Sep 09, 2008 11:16
So a second journal o.o What is wrong with me? I never usually blog but dang.....I guess it's maybe because I just have something new in my life and i'm just so happy right now.
I met this wonderful guy at a local furmeet on Saturday, spent most of Sunday with him getting to know each other a little better ( with a lot of cuddles mixed in with the conversation) and now I just can't get him out of my head. I mean, I can't stop thinking about him. I think about how we cuddled when I'm in bed and I still get those little delightful shivers and I still feel him nibbling my ears. During the day I think about him and come here to see if he's posted something new. I even talk about him a lot when I'm on the phone with my best friend Blinque( and I swear I must be annoying her by now x3 ). It's just....unbelievable what little tricks life plays on ya. You think you're going to be stag for at least another five years or so and then BAM! you land right in the kitty's lap. He has a really good philosophy on what he wants in a relationship that almost completely matches my own. He seems very loving and caring and passionate, something that I'm really attracted to. I also like the fact that he is patient and wants to take things at my own pace rather than his, which just shows me a lot about him.
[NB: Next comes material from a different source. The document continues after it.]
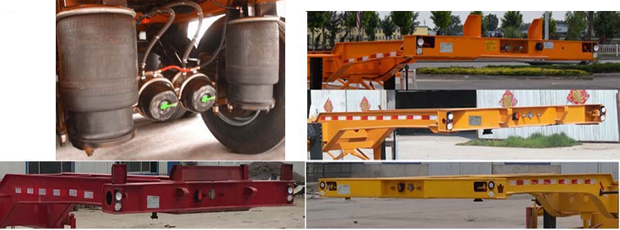 | 备注 | 该车用于运输45英尺集装箱.集装箱型号为:1EE,牵引销处车架总高度210mm,180mm,160mm,140mm.选装前部结构,导向块样式,选装挡泥板.选装空气悬架,选装大梁打孔,选装前脖三道梁结构,牵引销至车辆最前端的距离/轴距/后悬尺寸对应关系:450/8400+1310+1310/2480,650/8400+1310+1310/2280,650/8200+1310+1310/2480,850/8200+1310+1310/2280,1050/7800+1310+1310/2480,1250/7800+1310+1310/2280,一,ABS:型号:HNABS4S/4M;生产厂家:梁山海纳电子科技发展有限公司.二,防护材料均采用Q235B,与车身的连接方式为焊接,后下部防护装置的断面尺寸(mm):140×50,离地高度480mm. | ||

It seems like we've both rushed into relationships before and we don't want to have to deal with the pain again. I feel like I could really make him as happy as he makes me and I think I have a rather good feeling about where things are going.
And now a little something I just thought up as I was typing out this journal:
~Untitled~
A second chance, a second life,
for the second time we see the light.
It seems that fortune now shines,
pointing the way past those natural divides.
The feelings of the past melt away,
hearts warmed by the sun's very rays.
Two spirits begin to intertwine,
the taste of one another sweet as wine.
And only time can really tell,
if things go that well.
Whether we just find comfort in one another,
or we find love at the sound of fate's bell.